【开头语】今年是中国工农红军长征胜利80周年。在全国4支长征队伍中(中央红军、红25军、红四方面军、红二和红六军团),有2支队伍与我们安徽金寨密不可分,一支是红四方面军、主要发源于金寨,一支是红25军、直接诞生于金寨。
金寨县是中国革命的重要策源地、人民军队的重要发源地,是中国工农红军第一县、全国第二将军县,是红四方面军的主要诞生地、鄂豫皖革命根据地的核心区。
今年4月24日,习近平总书记视察金寨时,深情感慨地说,“一寸山河一寸血,一抔热土一抔魂。回想过去的烽火岁月,金寨人民以大无畏的牺牲精神,为中国革命事业建立了彪炳史册的功勋。”
金寨,红色历史源远流长,红色文化丰富多彩,红色资源积淀厚重,红色基因灿烂辉煌。研究红色历史、开发红色资源、做大红色品牌、传承红色基因,有着巨大的潜力可挖,有着很多的工作要做。
作为全县党史军史、红色文化研究开发的重要职能部门-----金寨县党史县志档案局,我们的主要任务就是要充分挖掘红色资源的新优势、倾力打造红色发展的新高地、努力谱写红色金寨的新篇章,着力当好红色基因的研究者、传承者、实践者。具体的,应该着力做好这样10项工作:“挖掘好”红色资源、“研究好”红色历史、“编纂好”红色书籍、“讲述好”红色故事、“传播好”红色声音、“开展好”红色教育、“展示好”红色文化、“宣传好”红色精神、“传承好”红色基因、“谱写好”红色新篇。
基于这种考虑、立足金寨实际,近期,我们组织人员搜集、整理了几位金寨籍老将军的长征故事。现予发表,敬请大家多提宝贵意见。
12章:开国将军张行忠的两次传奇婚姻、三次险中取胜、一段难忘经历
人物简介:张行忠,1913出生,金寨县汤家汇人。1929年参加中国工农红军,1930年加入中国共产党。历任班长、排长、连长、营长、团长、科长、大队长、支队长、冀中第三随营学校校长、山西18兵团随营学校校长、西南公安师师长、川西军区茂县军分区司令员、政治委员。1964年,被授于少将军衔,荣获二级八一勋章、二级独立自由勋章、二级解放勋章、一级红星功勋荣誉章。
张行忠同志在革命战争年代曾参加一至五次“反围剿”斗争、红军二万五千里长征和麻城、开江、大同、绥远、保城、保北等战役、战斗,为新中国的诞生作出了积极贡献。
张行忠将军,因病于1998年2月3日在四川绵阳逝世,享年85岁。
张行忠将军,1913年生于金寨县竹畈村。

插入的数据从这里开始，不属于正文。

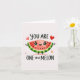 Compartilhe um pouco de doçura com este cartão "Você é um em um Melão"! Com uma melancia sorridente e fofa e corações coloridos, este design divertido é perfeito para qualquer ocasião em que você queira espalhar alegria e amor. Ideal para qualquer pessoa que ama piadas e mensagens doces, esta ilustração adorável certamente trará um sorriso ao rosto do destinatário. Seja para um aniversário, um bilhete de agradecimento ou simplesmente porque sim, este cartão encantador é uma maneira deliciosa de deixar alguém saber que eles são verdadeiramente um em um melão!

16岁参加红军,转战大半个中国,很多经历都很奇特,尤其是他的两次婚姻和三次险中取胜更是充满传奇色彩。
第一次婚姻:大悲
第一次婚姻是在1930年底,当时鄂豫皖苏区红军和根据地都有了很大发展,各级苏维埃政府普遍建立。由于革命斗争形势的影响以及新思想、新文化的影响,一些出身富有家庭的青年男女,也都向往革命队伍。
张行忠家乡的王姓是个旺族,王三老爷的闺女王明佳,是位熟读诗书而又文静的淑女,但是,由于出身不好,家里又管得严,所以想参加革命,却总不能如愿。已参加红军卫生队的张行忠堂姐张行玉,原是王明佳的使唤丫环,她给王明佳出了个主意:嫁个红军,成为红军家属,参加革命就容易了。经过张行玉的反复动员,王明佳同意了。问她嫁谁?张行玉说:“我有个堂弟叫张行忠,现在是红军排长,年纪比你小一岁,人很忠厚,你如愿意,我保证能成功。”王明佳要求先看人再定,张行玉说:“这个容易。”一天晚上, 张行玉把王明佳带到自己家里,又带信叫张行忠到她家来、有事商量。张行忠来到张行玉家问有什么事,张行玉便将实情告诉他,当时,屋里只点一支松明子(当时大别山贫苦人家晚上没有油灯,多数是燃烧一种含油脂的松树枝子照明),虽然张行忠和王明佳相互见了面,但谁也没有真正看清对方的模样,连一句话也没有说,张行忠就害羞地溜出去了。张行玉撵出来问张行忠有什么意见,张行忠说没意见。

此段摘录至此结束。